Russia escapes the problem of a large aging population to support by reason of its low life expectancies. The diseases of middle age, alcoholism, cancer, cardiovascular disease, are a benefit to the state, as long as the state is callous enough to provide only minimal care. (BTW, the low standards of Russian TB hospitals are probably comparable to American or British facilities of 100 years ago – again, these conditions did not lead to socioeconomic collapse.) The issue of reduced economic growth will not apply until the gas and oil run out, before which Putin will have plenty of time to wreak havoc in his neighbourhood.

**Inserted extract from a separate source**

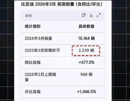 “不到半个月,加满一个取暖油罐的费用已经翻了一倍。”英国消除燃料贫困联盟的西蒙·弗朗西斯在接受采访时说的这句话,大概能解释为什么现在英国人排队买的不是炸鱼薯条,而是中国车。这个曾经发明了蒸汽机的国度,如今正在为一辆辆贴着BYD标志的汽车疯狂。3月份的数据直接把所有人看傻了——比亚迪在英国卖出15164台新车,而去年这个时候只有2239台,暴涨1466%。你没看错,不是146%,是1466%。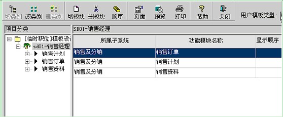 首先可以從右上角的’用戶模板類型’中選擇你所要求修改的用戶模板。然后可以在左邊的樹控件中定義此模板類型所包括的功能類別﹐在功能類別之下才可以掛上所要求的功能項(xiàng)。具體的操作如下﹕

The only logical argument for Russia’s imminent decline is the statistic that “70 percent of [newborns experience] complications at birth”. Sadly, that’s all the information Feshbach gives on this problem. I wonder of all Caesarean births are classified as “complications”? That could explain this otherwise phenomenal claim, which seems worse than one might expect from the poorest parts of Africa or Asia, and worse that what our ancestors experienced a couple of centuries ago.

I wonder what motivated Mr. Feshbach to publish this article, apart from a desire to put all his interesting statistics to some sort of use? His strong implication, that Russia is not a military or economic threat of stature, does not stand up even to cursory examination. It can only serve to mislead policy makers and endanger us all.